Smalltalk is the only language to fully embrace “live coding and debugging.” It is baked into the language and its ethos. Some other languages have made feeble attempts to incorporate this quality, but none do it as well as Smalltalk. Smalltalk’s debugger is probably the single biggest reason for the language’s unrivaled productivity.

Smalltalk’s image-based persistence is a powerful and prevalent concept. You find it in OS virtualization such as VMWare and VirtualBox. You find it in a web page’s DOM. You find it in spreadsheets such as Excel. No other language has adopted this, except for JavaScript in the Lively Kernel. I’m not sure how many people actually use Lively Kernel.

Smalltalk is provably the most productive programming language in the world. The velocity of development with this language in unmatched by JavaScript, Python, Ruby, or any other language you care to name. Credit goes to the language’s low cognitive friction and incredibly powerful and easy-to-use environment/IDE/debugger.
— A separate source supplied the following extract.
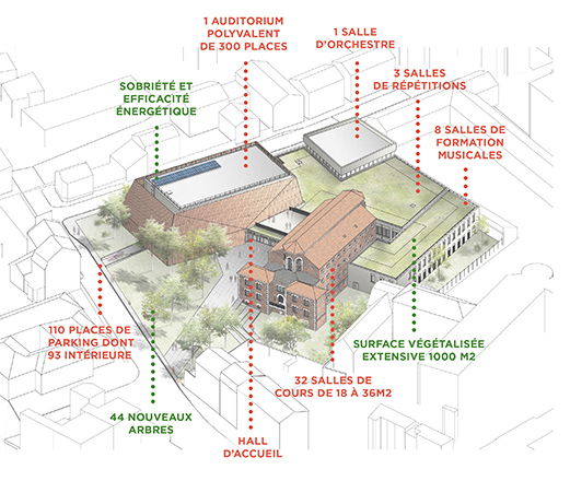 L’objectif du programme est d’accueillir les musiciens du Conservatoire et de l’Harmonie, ainsi que de mutualiser les moyens en proposant un pôle musical attractif pour l’agglomération meldoise.

Smalltalk is so much fun to use that I don’t want to use any other programming language. Not Java, nor Python (except with web2py), nor C++, nor Ruby, nor JavaScript (because it killed my dog), nor C#. This makes it harder for me to find employment.

Smalltalk is so addictive that it’s constantly on my mind. I crave it. I dream about it. It makes me feel so damn good that I absolutely need it. It has me in its Vice-Grip™ and it won’t let go. I would do anything for it. Absolutely anything.